**What needs to be done**
Copy exactly the lines from the beginning of the data down to and including the line holding "Make a statement", without any pictures.

**Extracted information**
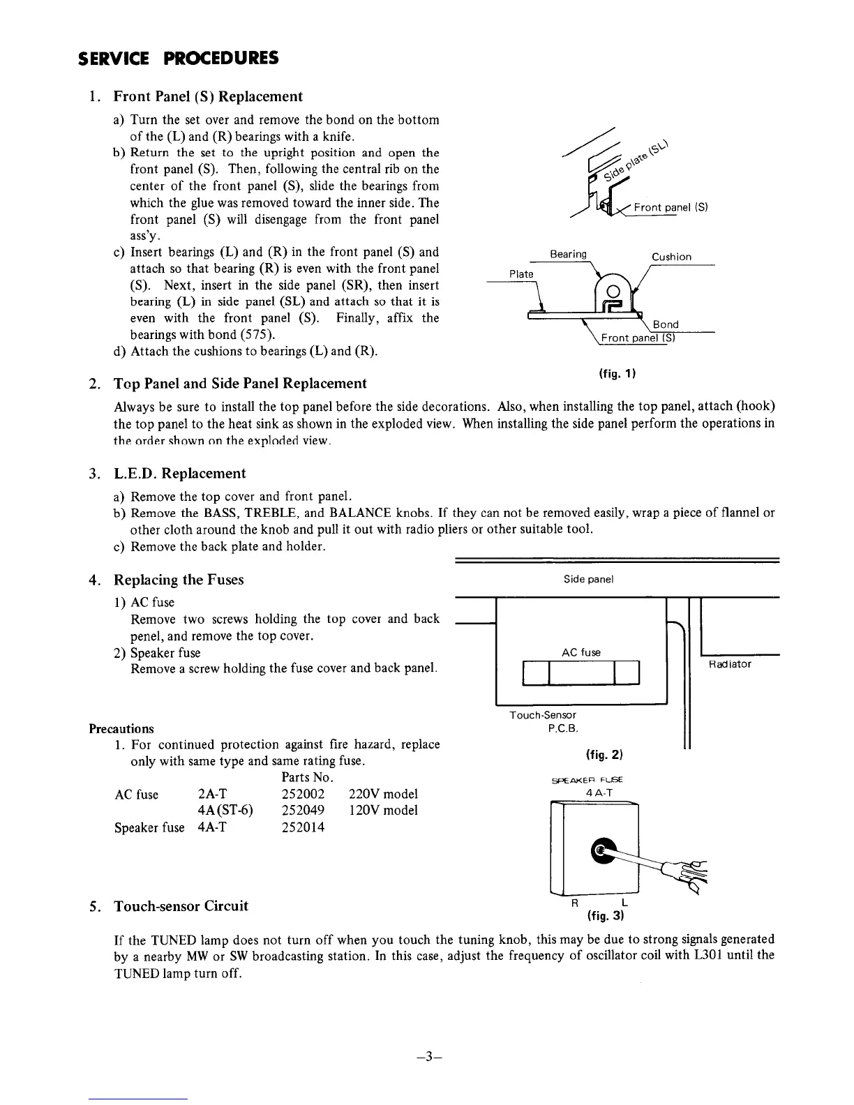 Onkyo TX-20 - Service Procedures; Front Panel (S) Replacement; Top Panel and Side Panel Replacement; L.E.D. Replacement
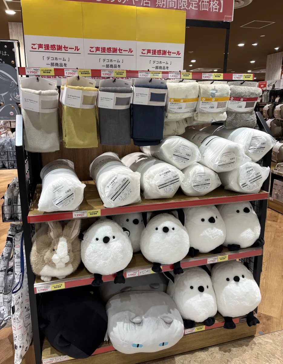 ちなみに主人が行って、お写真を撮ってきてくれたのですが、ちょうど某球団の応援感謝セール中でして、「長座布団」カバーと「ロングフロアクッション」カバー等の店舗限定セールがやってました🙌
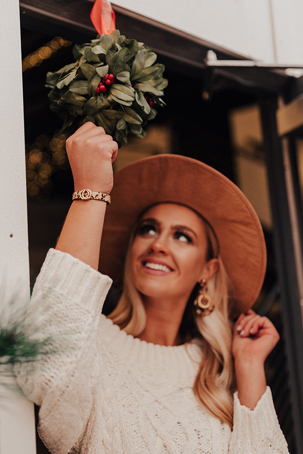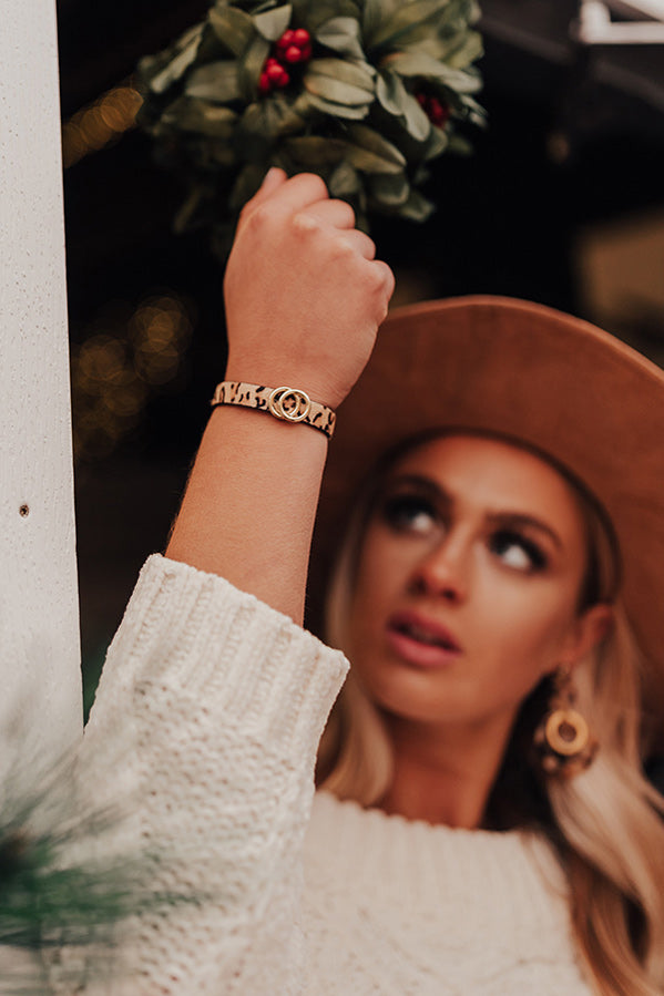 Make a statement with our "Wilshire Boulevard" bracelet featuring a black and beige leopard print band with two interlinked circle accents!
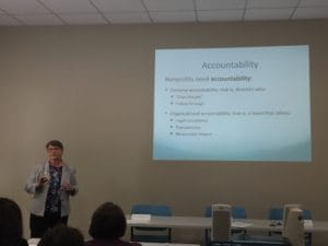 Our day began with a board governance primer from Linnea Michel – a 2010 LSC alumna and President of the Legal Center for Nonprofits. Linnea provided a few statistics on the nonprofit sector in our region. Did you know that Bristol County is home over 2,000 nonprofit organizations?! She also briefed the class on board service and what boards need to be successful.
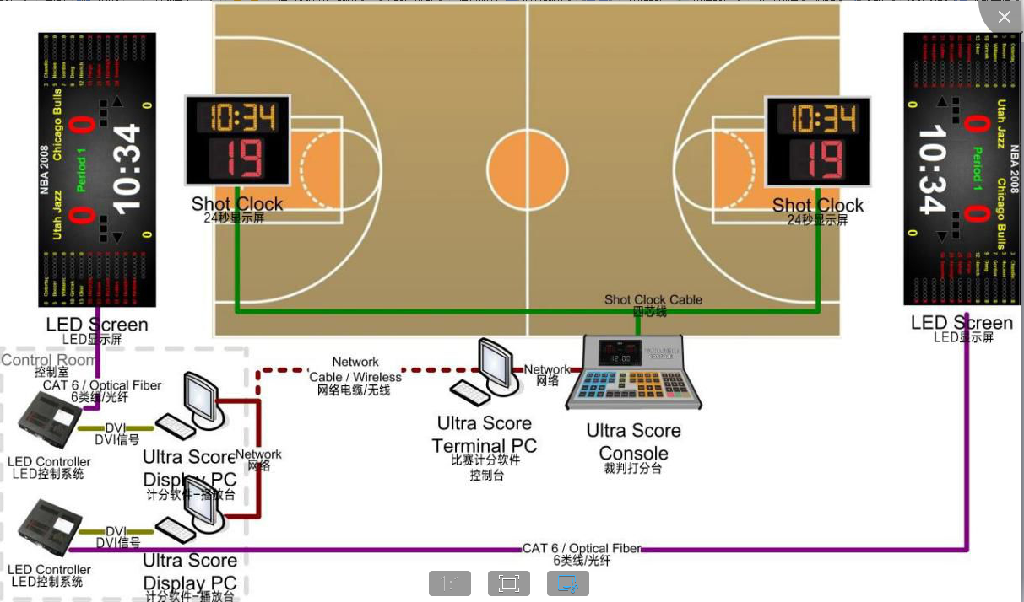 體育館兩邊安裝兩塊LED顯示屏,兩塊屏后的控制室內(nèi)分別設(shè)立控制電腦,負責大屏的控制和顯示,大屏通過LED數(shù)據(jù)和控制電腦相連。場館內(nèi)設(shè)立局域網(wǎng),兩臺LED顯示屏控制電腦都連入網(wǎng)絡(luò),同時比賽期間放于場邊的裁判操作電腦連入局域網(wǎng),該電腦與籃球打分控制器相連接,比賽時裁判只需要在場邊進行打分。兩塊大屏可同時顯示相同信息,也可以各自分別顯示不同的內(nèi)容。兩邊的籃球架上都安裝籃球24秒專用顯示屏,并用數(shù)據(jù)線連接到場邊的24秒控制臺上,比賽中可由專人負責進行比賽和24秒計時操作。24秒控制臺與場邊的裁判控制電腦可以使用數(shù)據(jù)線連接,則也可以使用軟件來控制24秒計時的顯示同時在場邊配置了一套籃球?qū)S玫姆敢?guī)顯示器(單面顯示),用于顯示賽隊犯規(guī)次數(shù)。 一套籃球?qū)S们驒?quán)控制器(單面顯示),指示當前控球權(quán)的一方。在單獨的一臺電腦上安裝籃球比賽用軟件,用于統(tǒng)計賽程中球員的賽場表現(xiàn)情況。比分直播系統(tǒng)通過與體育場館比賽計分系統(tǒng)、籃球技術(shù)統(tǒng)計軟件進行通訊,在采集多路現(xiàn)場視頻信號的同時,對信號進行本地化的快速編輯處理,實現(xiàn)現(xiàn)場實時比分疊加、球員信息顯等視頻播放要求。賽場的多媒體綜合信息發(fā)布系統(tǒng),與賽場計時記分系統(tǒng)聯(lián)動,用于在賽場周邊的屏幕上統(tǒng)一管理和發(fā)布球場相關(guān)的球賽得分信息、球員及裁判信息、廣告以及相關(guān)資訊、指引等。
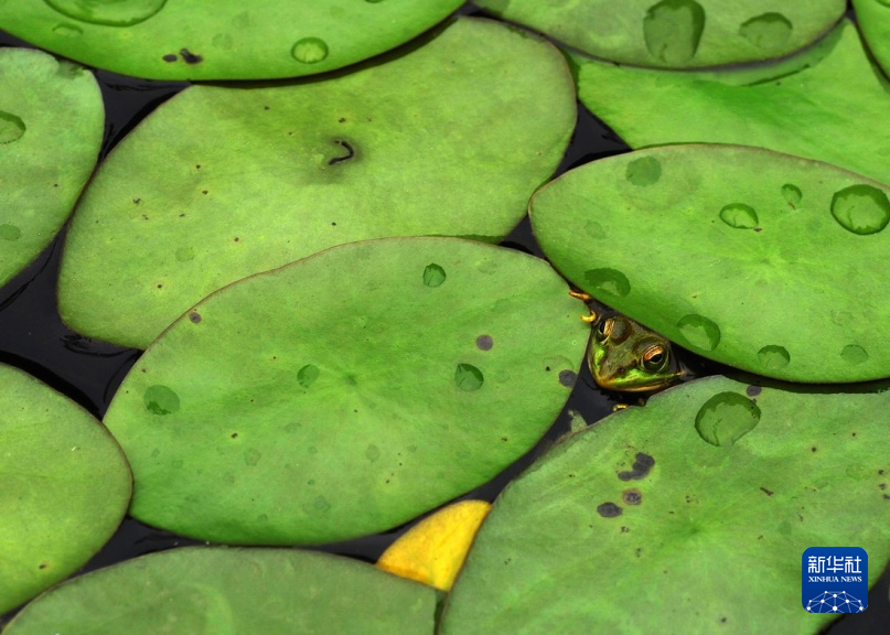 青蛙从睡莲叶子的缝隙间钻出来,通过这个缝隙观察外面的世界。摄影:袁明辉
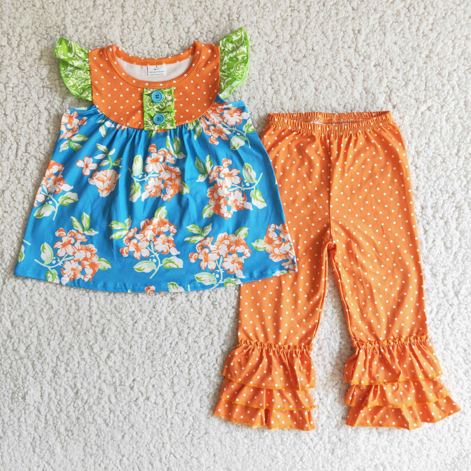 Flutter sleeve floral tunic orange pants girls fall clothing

**Solution for this exercise**
 Onkyo TX-20 - Service Procedures; Front Panel (S) Replacement; Top Panel and Side Panel Replacement; L.E.D. Replacement
 ちなみに主人が行って、お写真を撮ってきてくれたのですが、ちょうど某球団の応援感謝セール中でして、「長座布団」カバーと「ロングフロアクッション」カバー等の店舗限定セールがやってました🙌
 Make a statement with our "Wilshire Boulevard" bracelet featuring a black and beige leopard print band with two interlinked circle accents!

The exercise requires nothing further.